DAVİD McKee’den ELMER VE GÖKKUŞAĞI. Elmer ve diğer filler, fırtınanın bitmesini sabırsızlıkla bekliyor çünkü ardından çıkacak o güzel, rengârenk gökkuşağını görmek istiyorlar. Ama korkunç bir şey olmuş: Gökkuşağı renklerini kaybetmiş! Elmer, gökkuşağına kendi renklerini veriyor. Ama ya Elmer renklerini sonsuza kadar kaybederse? 32 SAYFA.(MUNDİ KİTAP)
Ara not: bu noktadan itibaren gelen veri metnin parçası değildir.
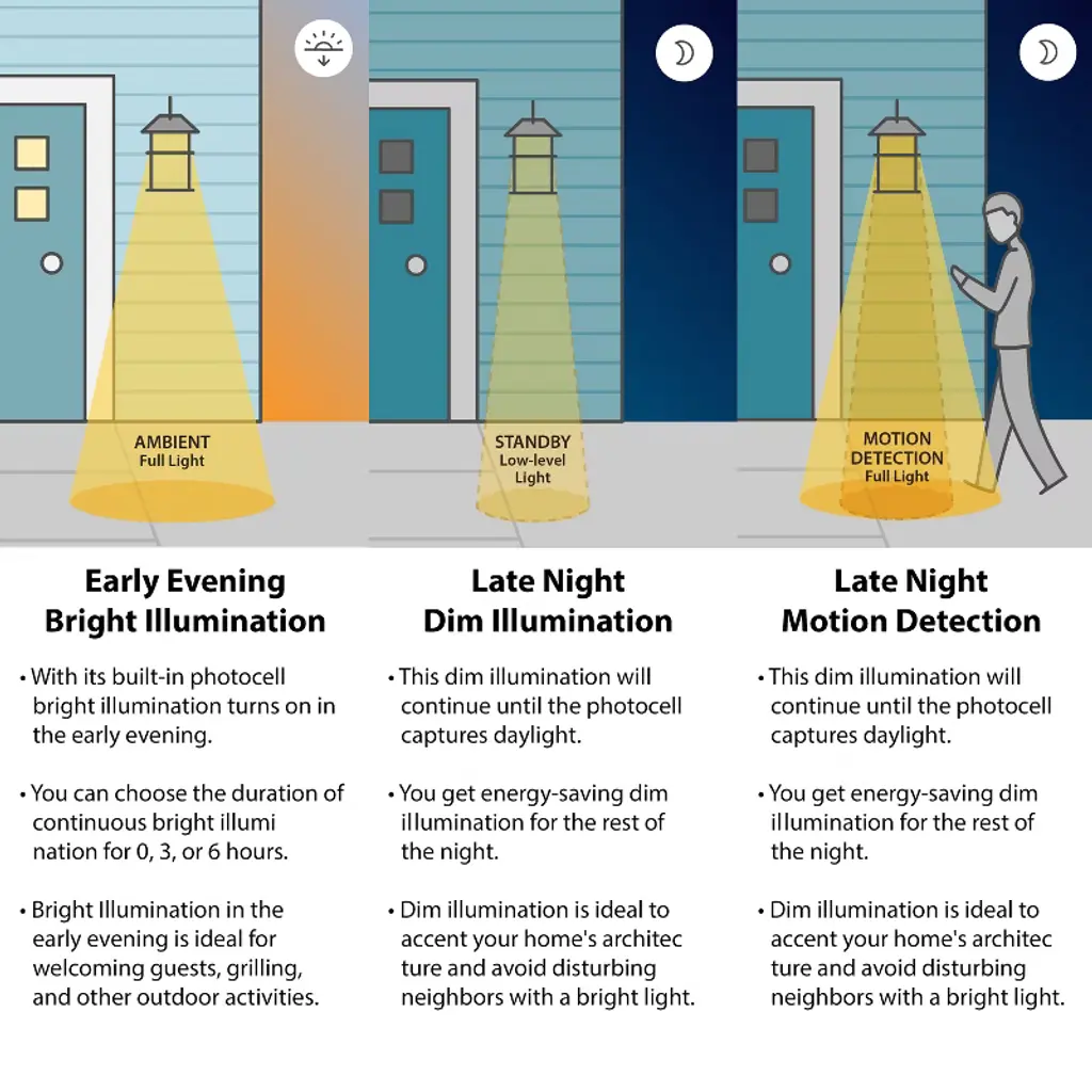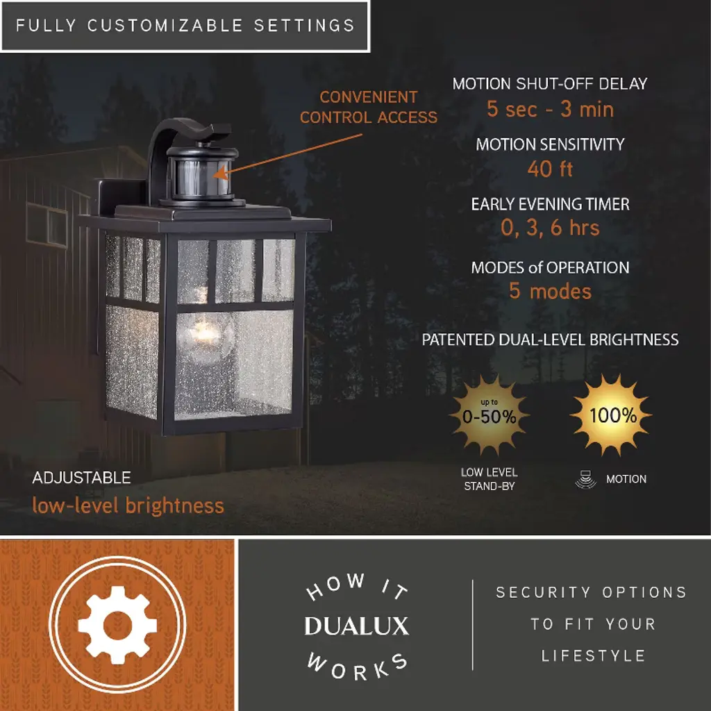 Dualux dual-level outdoor security lighting is designed to fit your lifestyle and enhance the beauty, safety, and usability of your home's exterior areas. Enjoy the comfort and convenience of continuous bright illumination during the early evening hours with automatic dimming late at night to provide soft, ambient illumination until dawn. Rest assured knowing that whenever motion is detected, on-demand bright illumination will be triggered to keep your property safe and secure. This fixture works with most dimmable LED bulb models. You get convenience, security, and efficiency with Dualux outdoor light fixtures.
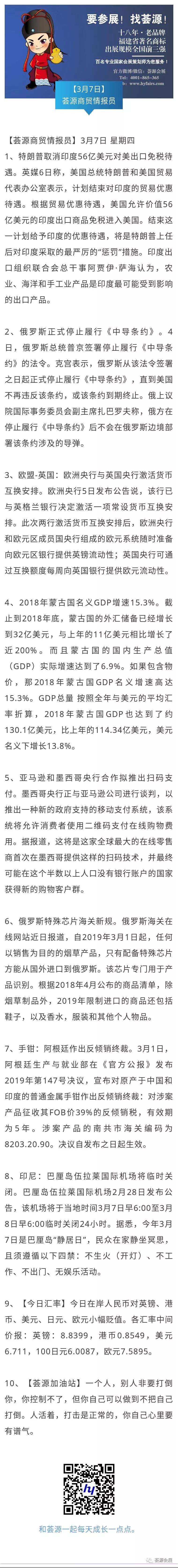 【荟源商贸情报员】3月7日分享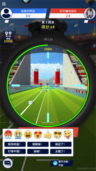 5、根据距离选择对应的码数松手进行射击,点击下方的言语可以发送图案或是短句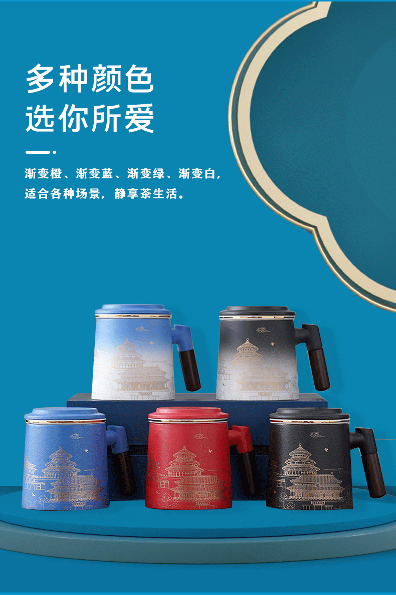 national fashion gradient blue cup + gift box gift bag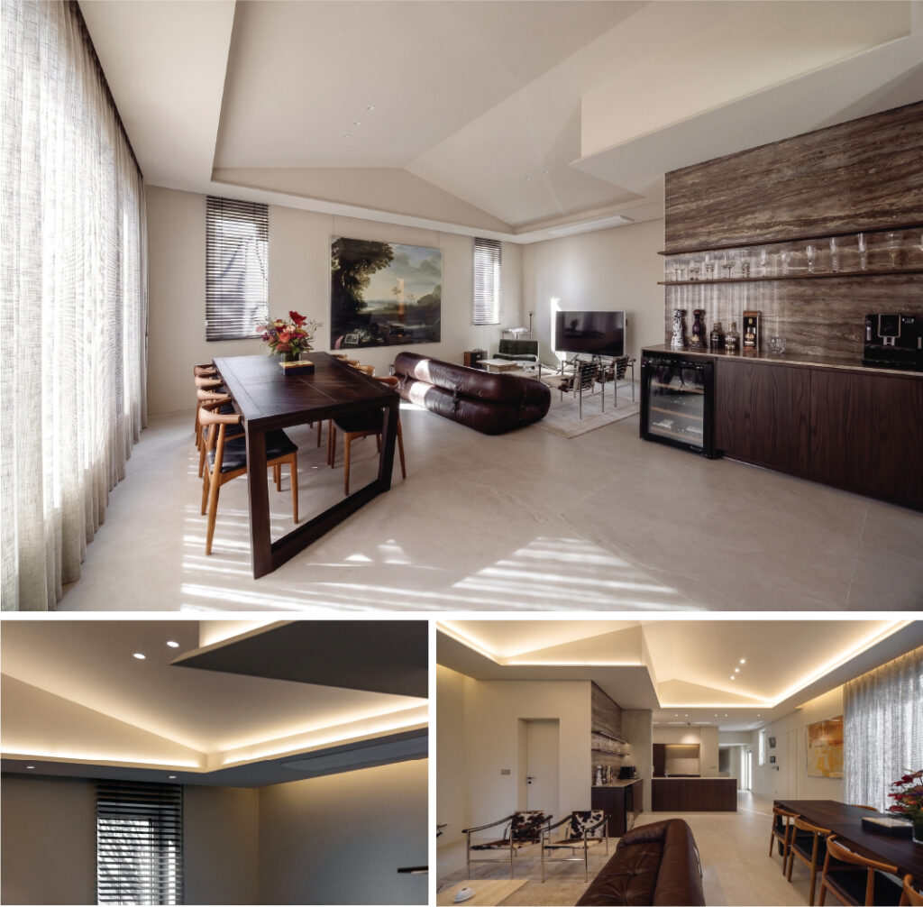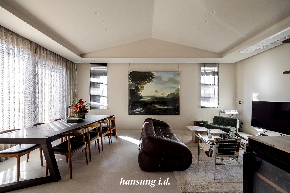 단독주택 리모델링의 장점을 살려 천장을 최대한 높이고 구조를 정리해 층고의 개방감을 온전히 드러낸 모습을 보여줍니다. 직접 조명은 최소화하는 대신 간접조명을 충분히 배치해 지붕의 형태가 자연스럽게 강조되도록 계획했습니다. 벽면은 따뜻한 베이지 톤으로 정리해 층고가 높아도 차갑지 않게, 아늑함이 유지되도록 색감을 선택했습니다. 가구는 진한 브라운 레더 소파와 우드 테이블, 빈티지 체어를 매치해 주방의 월넛 톤과 자연스럽게 연결했습니다. 대형 아트월은 시선을 모아주는 중심 요소로, 양쪽 창으로 들어오는 빛과 어우러지며 거실의 표정을 완성합니다. 블라인드와 쉬어 커튼을 함께 사용해 시간대에 따라 빛의 양을 유연하게 조절할 수 있도록 했습니다. 거실과 자연스럽게 이어지는 다이닝 공간은 큰 창을 따라 배치해 빛을 충분히 끌어들였습니다. 서향집 위주였던 채광 구조를 개선해 시간대에 따라 달라지는 빛의 결이 실내 깊숙이 스며들도록 계획했습니다. 긴 우드 테이블과 동일한 우드 계열 의자로 차분하면서 안정적인 분위기를 완성했습니다.게 이어지도록 벽과 천장을 동일한 베이지 톤으로 정리해 단독주택 특유의 깊이감을 살렸습니다. 한쪽 벽면에는 수납장을 매립 시공해 돌출 없이 정돈된 인상을 유지했고, 중앙에는 트라버틴 패턴의 니치를 더해 간접조명과 함께 공간에 입체감을 부여했습니다.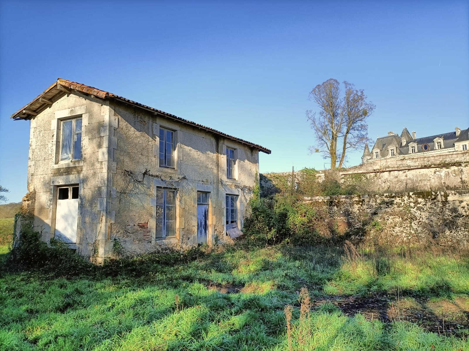 Potager clos de murs avec avec ancienne serre et petite maison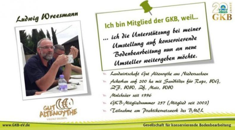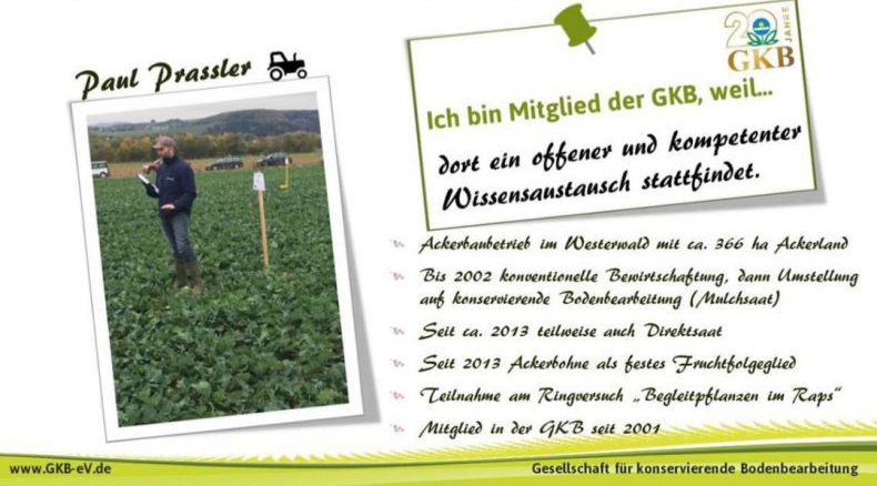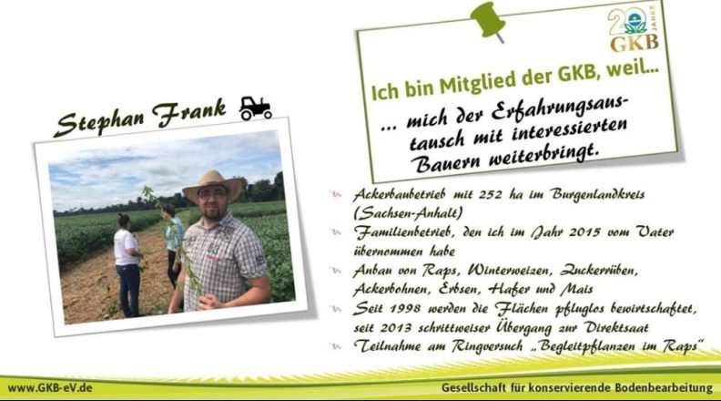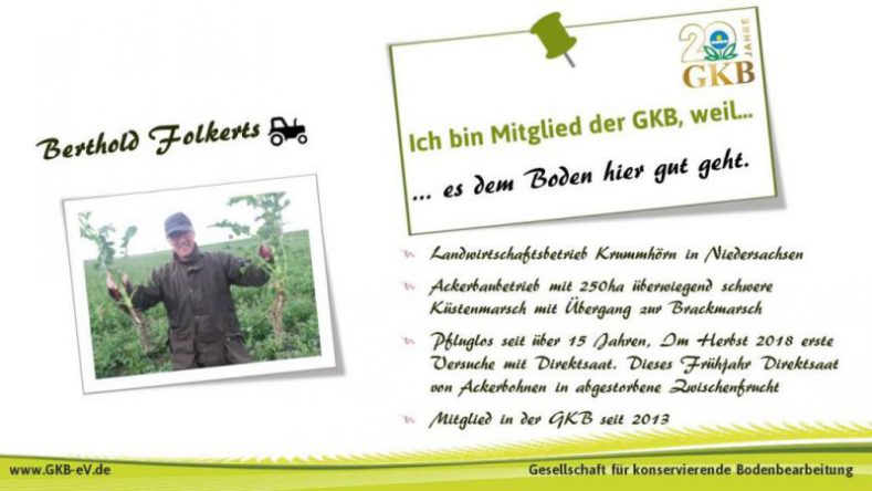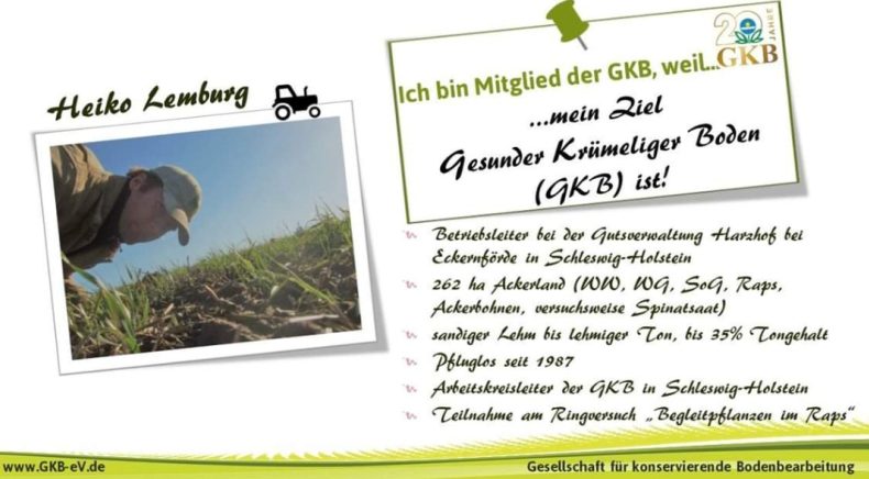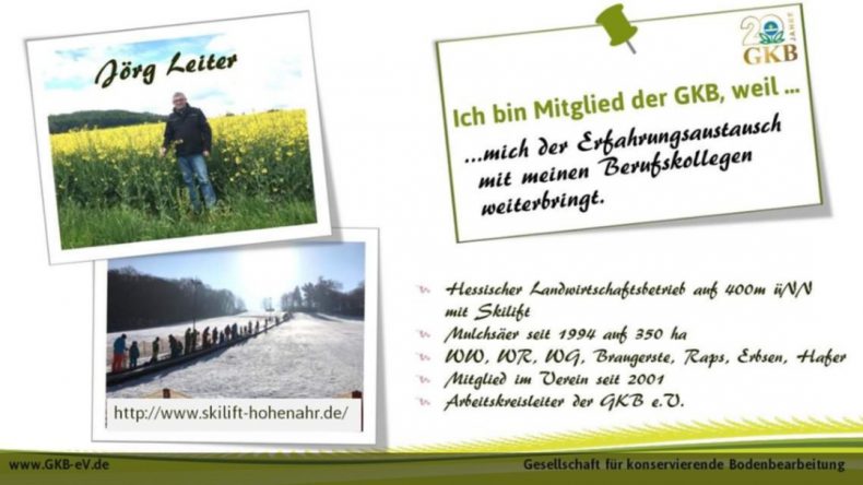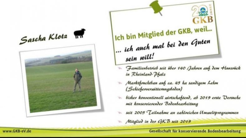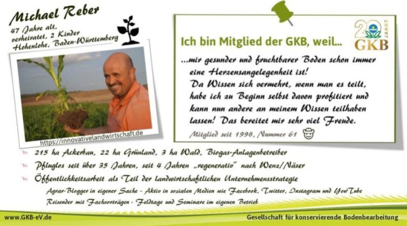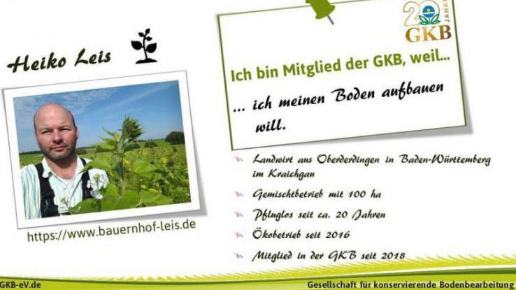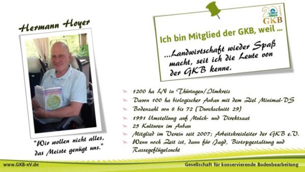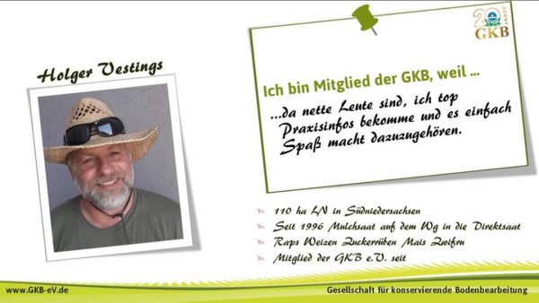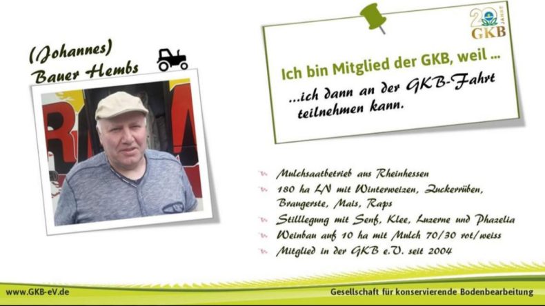 20 Jahre GKB e.V. – im Jubiläumsjahr Mitglied der GKB Heute stellt sich (Johannes) Bauer Hembs vor und im Jubiläumsjahr stellen sich Mitglieder unserer Gesellschaft per Steckbrief vor und gebenstellen sich Mitglieder unserer Gesellschaft per Steckbrief vor und geben ein Statement, warum sie Mitglied im Verein sind. Heute stellt sich (Johannes) Bauer Hembs vor. Bauer Hembs betreibt einen Mulchsaatbetrieb in Rheinhessen mit Acker- und Weinbau und ist seit Mitglied der GKB. seit 2004 Mitglied der GKB Heute stellt sich (Johannes) Bauer Hembs vor und im Jubiläumsjahr stellen sich Mitglieder unserer Gesellschaft per Steckbrief vor und geben ein Statement, warum sie Mitglied im Verein sind.

Dışlanmışların kendinden bir şeyler bulabileceği hikâye
TOVE Ditlevsen’den ÇOCUKLUK-KOPENHAG ÜÇLEMESİ. Çocukluğumun oturma odasında tek başımayım. Eskiden burada annem şarkı söyler, babam yıllardır görmediğim yasak kitabı okur, ağabeyim ise bir tahtaya çivi çakardı. Bunların hepsi asırlar evveldi ve o zamanlar, çocukluğun sonsuza dek süreceğini acıyla hissetsem de daha mutluydum gibime geliyor... Bundan sonra evde uyumaya devam etsem de bu gece oturma odasıyla vedalaştığımı hissediyorum. Yatmak içimden gelmiyor, uykum da yok. Derin bir hüzün içindeyim. Sardunyaları cam kenarından kaldırıyorum ve gökyüzüne, esip geçen bulutların arasında hafifçe sallanan yeni ayın beşiği altında ışıldayan küçük yıldıza bakıyorum. Johannes V. Jensen’in, birçok kere okuduğumdan uzun bölümlerini ezbere bildiğim Buzul adlı romanından birkaç satırı kendi kendime söylüyorum: “Kâh sabah kâh akşam yıldızı gibi parlıyor annesinin koynunda öldürülen küçük kız, sonsuz yollarda beyaz ve dalgın, yalnız başına gezen, kendi oyununa kapılmış bir çocuk ruhu gibi.” Bu cümleler, bana ebediyen kaybettiğim Ruth’u hatırlatıyor ve gözlerimden yaşlar akıyor. Küçük, kalp şeklinde ağzıyla, gözleri parlak ve kudretli Ruth. Herkese laf yetiştiren, yüreği sevgi dolu, küçük, kayıp arkadaşım. Arkadaşlığımız da çocukluğum gibi sona erdi. Güneş yanığı gibi, çocukluğumun son parçacıkları şimdi üstümden pul pul dökülüyor ve altından ters, imkânsız bir yetişkin beliriyor. Gece, pencerenin önünden geçedursun, şiir defterimi okuyorum ve ben farkına varmadan, çocukluğum usulca, hayatımın sonuna kadar benim için bir bilgi ve tecrübe kaynağı olacak, şu insan ruhunun kütüphanesi olan belleğimin dibine çöküyor. Ne Dediler: “Dışlanmış olanların kendilerinden bir şeyler bulabileceği olağanüstü bir hikâye.” Patti Smith. “Büyük edebiyat nasıl yapılır, işte örneği. A Klas… Üçleme, muazzam bir yeteneğinin ürünü.” -Parul Sehgal, The New York Times. 96 SAYFA.(MONOKL YAYINLARI)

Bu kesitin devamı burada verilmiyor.